- Born: October 12, 2006 (age 19) Saint Petersburg, Russia

Gymnastics career
- Discipline: Rhythmic gymnastics
- Country represented: Bulgaria (2021-present)
- Club: Levski Triaditsa
- Head coaches: Vesela Dimitrova, Yasena Stoyneva
- Medal record
Representing Bulgaria
Rhythmic gymnastics
| Event | 1st | 2nd | 3rd |
| FIG European Cup | 1 | 0 | 1 |
| FIG World Cup | 3 | 1 | 1 |
| Total | 4 | 1 | 2 |
World Championships
| Silver medal – second place | 2025 Rio de Janeiro | Team |
European Cup
| Gold medal – first place | 2025 Baku | Cross Battle |
| Gold medal – first place | 2025 Burgas | 3 Balls & 2 Hoops |
| Silver medal – second place | 2025 Burgas | Cross Battle |
| Silver medal – second place | 2025 Burgas | 5 Ribbons |
| Bronze medal – third place | 2025 Baku | 5 Ribbons |

= Alina Kolomiets =

Bulgarian rhythmic gymnast

Alina Kolomiets (Bulgarian: Алина Коломиец; born 12 October 2006) is a Bulgarian rhythmic gymnast. She represents Bulgaria as part of the national senior group.

== Personal life ==
Kolomiets was born in Saint Petersburg, Russia and began gymnastics there when she was three. Her family moved to Burgas, Bulgaria when she was six.

== Career ==
In May 2018, Kolomiets won bronze with ball at the Bulgarian championships among the pre-juniors, and she won gold in the team championships with teammates Victoria Sahatchieva and Kristina Karcheva. In July, she was then selected for a national training camp.

===Junior===
In 2021 she, Viktoria Georgieva and Zhana Pencheva won the junior national club championships.

In 2022 she teamed up with Alexandra Alexandrova, Viktoria Georgieva, Mila Yanakieva and Hristina Parvanova to win the national group championships. At nationals she came in 8th place. At the state team championships, she helped her club Levski Triaditsa win silver.

===Senior===
In 2023 she was added to the national senior individual team as a reserve member. In December 2024, several members of the national group, Kamelia Petrova, Margarita Vasileva and Magdalina Minevska, retired. Following this, although Kolimiets had previously competed as an individual, she became a starting member of the national group. Her teammates were Sofia Ivanova (who became the new captain of the group), Rachel Stoyanov, Danaya Atanasova, Suzan Pouladian and Viktoria Georgieva. Sofia Pavlova and Ivon Boshkilova were the reserve members.
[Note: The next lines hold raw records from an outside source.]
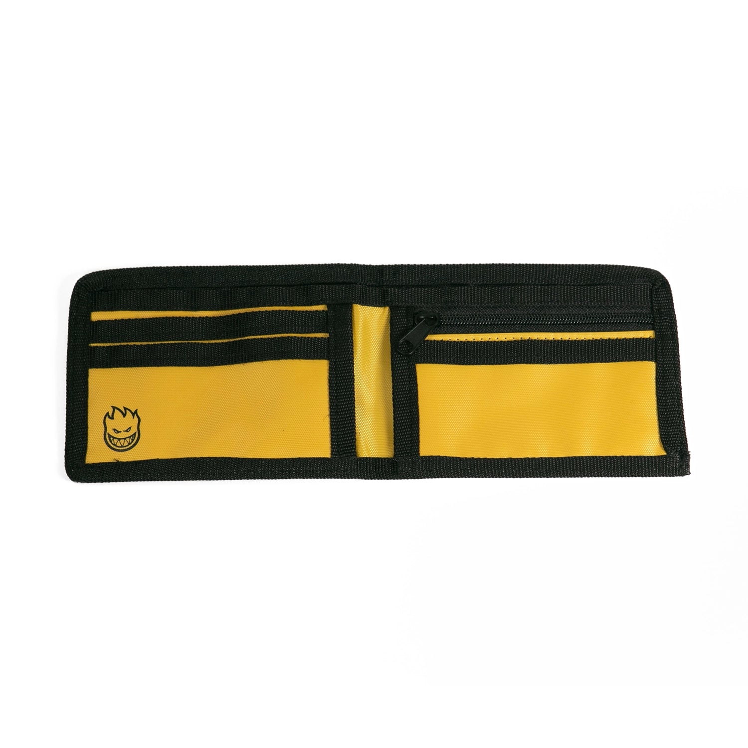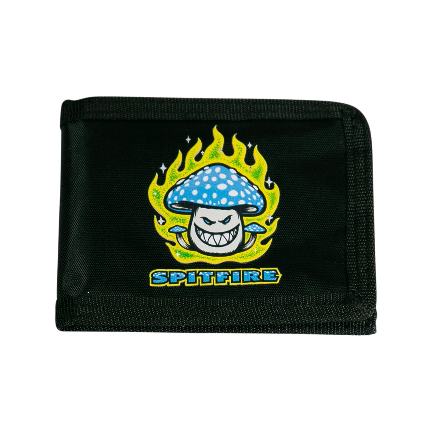 Billetera plegable Spitfire Mushroom con logotipo serigrafiado, un compartimento grande para billetes, ranuras para tarjetas y un compartimento con cremallera.
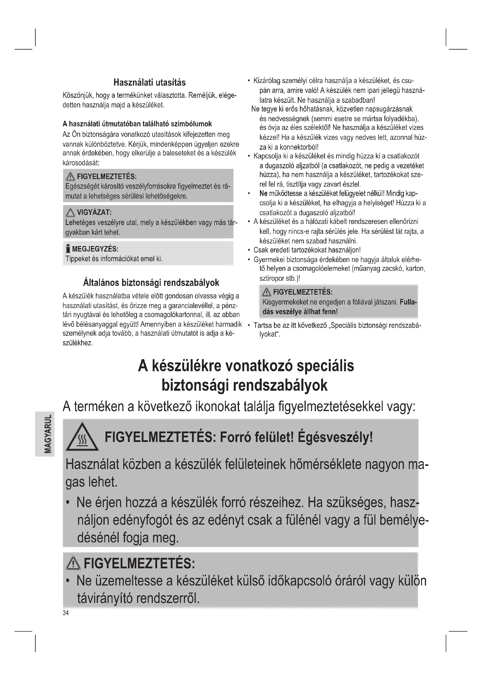 Usuwanie Znaczenie symbolu „Pojemnik na śmieci“ Proszę oszczędzać nasze środowisko, sprzęt elektryczny nie należy do śmieci domowych. Proszę korzystać z punktów zbiorczych, przewidzianych do zdawania sprzętu elektrycznego, i tam proszę oddawać sprzęt elektryczny, którego już nie będą Państwo używać. Tym sposobem pomagają Państwo unikać potencjalnych na- stępstw niewłaściwego usuwania odpadów, mających wpływ na środowisko i zdrowie ludzi. Tą drogą przyczyniają się Państwo do ponownego użycia, do recyklingu i do innych form wykorzystania starego sprzętu elek- trycznego i elektronicznego. Informacje, gdzie można zdać sprzęt, otrzymają Państwo w swoich urzędach komunalnych lub w administracji gminy.34 Használati utasítás Köszönjük, hogy a termékünket választotta. Reméljük, elége- detten használja majd a készüléket. A használati útmutatóban található szimbólumok Az Ön biztonságára vonatkozó utasítások kifejezetten meg vannak különböztetve. Kérjük, mindenképpen ügyeljen ezekre annak érdekében, hogy elkerülje a baleseteket és a készülék károsodását: FIGYELMEZTETÉS: Egészségét károsító veszélyforrásokra gyelmeztet és rá- mutat a lehetséges sérülési lehetőségekre. VIGYÁZAT: Lehetéges veszélyre utal, mely a készülékben vagy más tár- gyakban kárt tehet. MEGJEGYZÉS: Tippeket és információkat emel ki. Általános biztonsági rendszabályok A készülék használatba vétele előtt gondosan olvassa végig a használati utasítást, és őrizze meg a garancialevéllel, a pénz- tári nyugtával és lehetőleg a csomagolókartonnal, ill. az abban lévő bélésanyaggal együtt! Amennyiben a készüléket harmadik személynek adja tovább, a használati útmutatót is adja a ké- szülékhez.
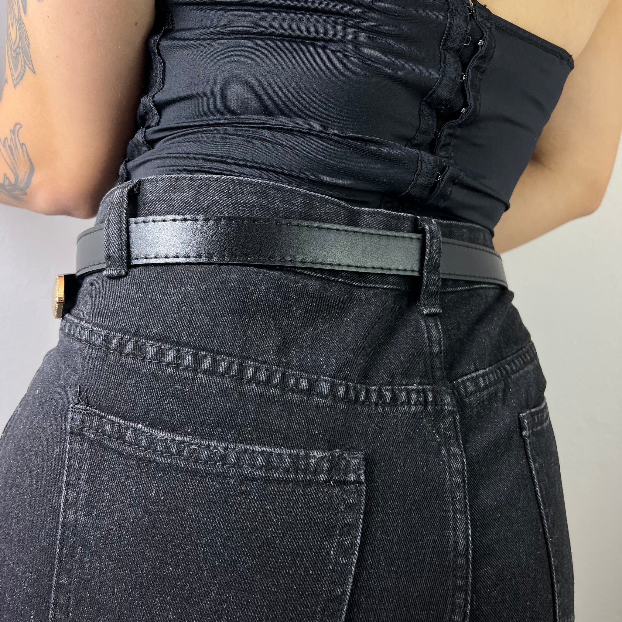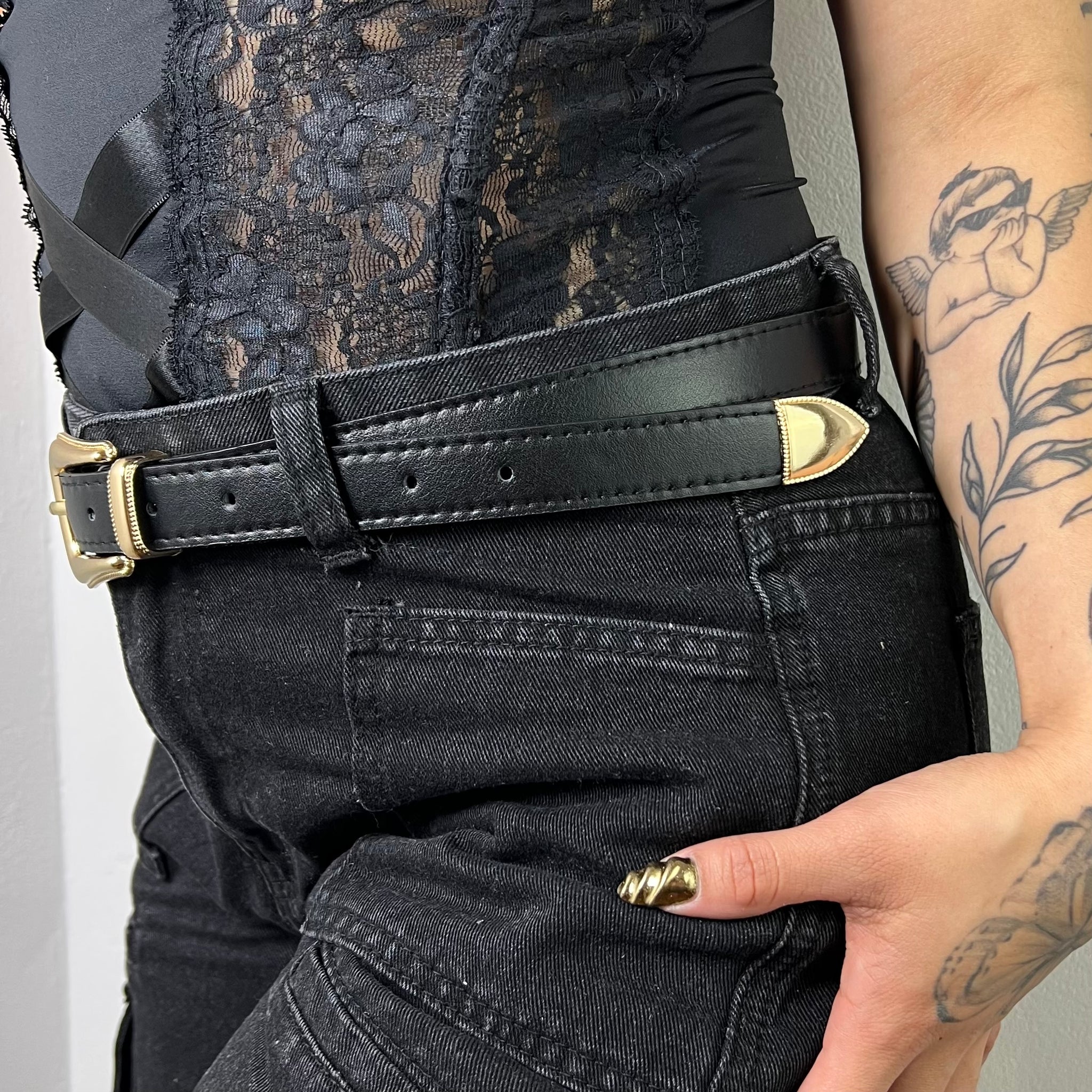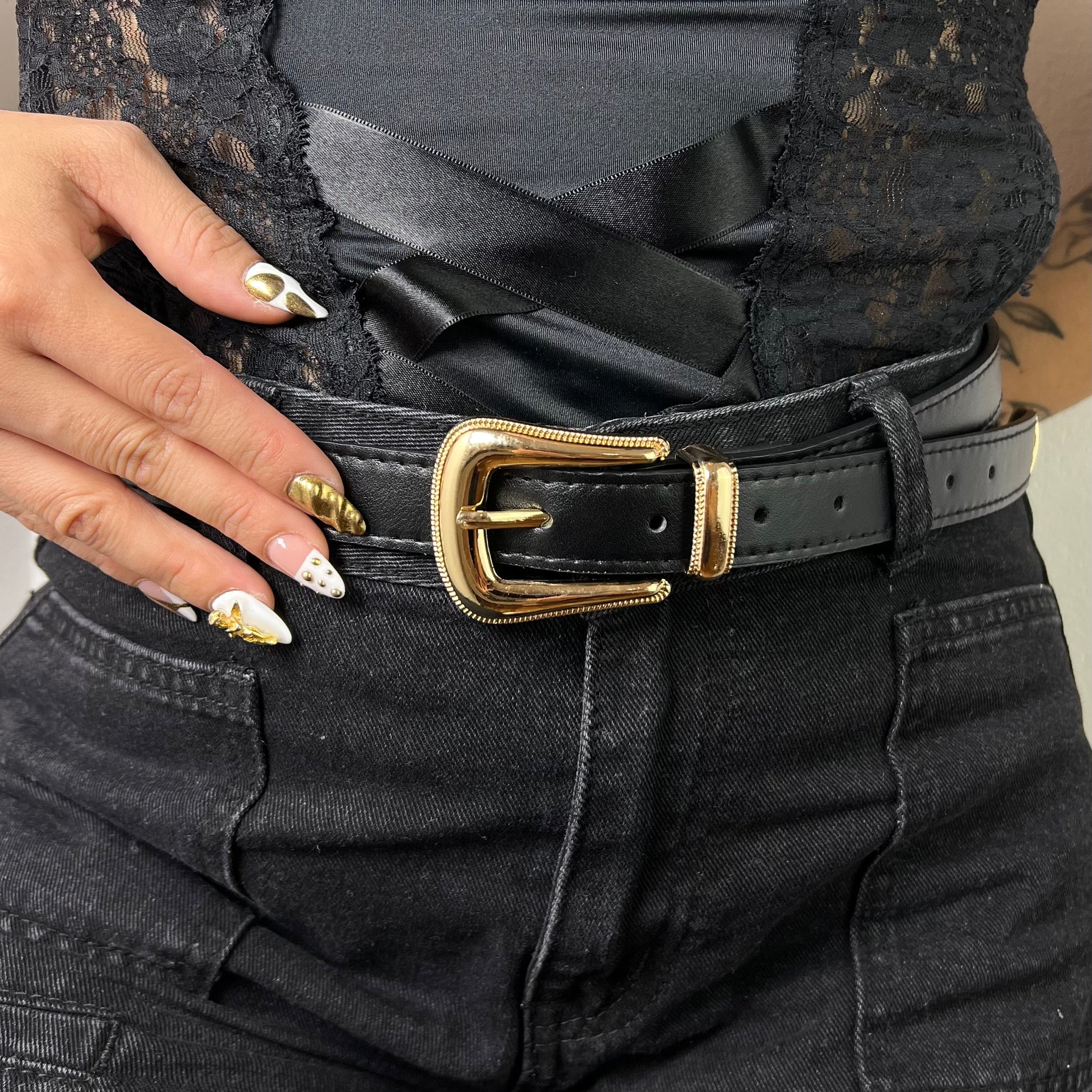 Cinto em material couro sintético, com fivela metálica dourada. Ajustável e resistente.

In April 2025, the new group debuted at their domestic World Cup stage in Sofia, where they were 4th in the all-around and won gold with 5 ribbons. At their next World Cup in Baku, they won gold in the all-around and bronze with 3 balls & 2 hoops. In May, they won gold medals in cross battle at both European Cups (Baku, Burgas). Next month, they competed at the 2025 European Championships in Tallinn, Estonia. Due to many mistakes in both routines, they finished on 15th place in all-around and failed to qualify to apparatus finals. In July, the group took 5th place in all-around at Cluj-Napoca World Challenge Cup and won bronze medal in 5 ribbons final. In August she was selected to compete at the 2025 World Championships in Rio de Janeiro, Brazil along Rachel Stoyanov, Sofia Ivanova, Danaya Atanasova and Emilia Obretenova. They took 6th place in the All-Around, after a drop in mixed routine, winning silver in the team event together with Eva Brezalieva and Stiliana Nikolova.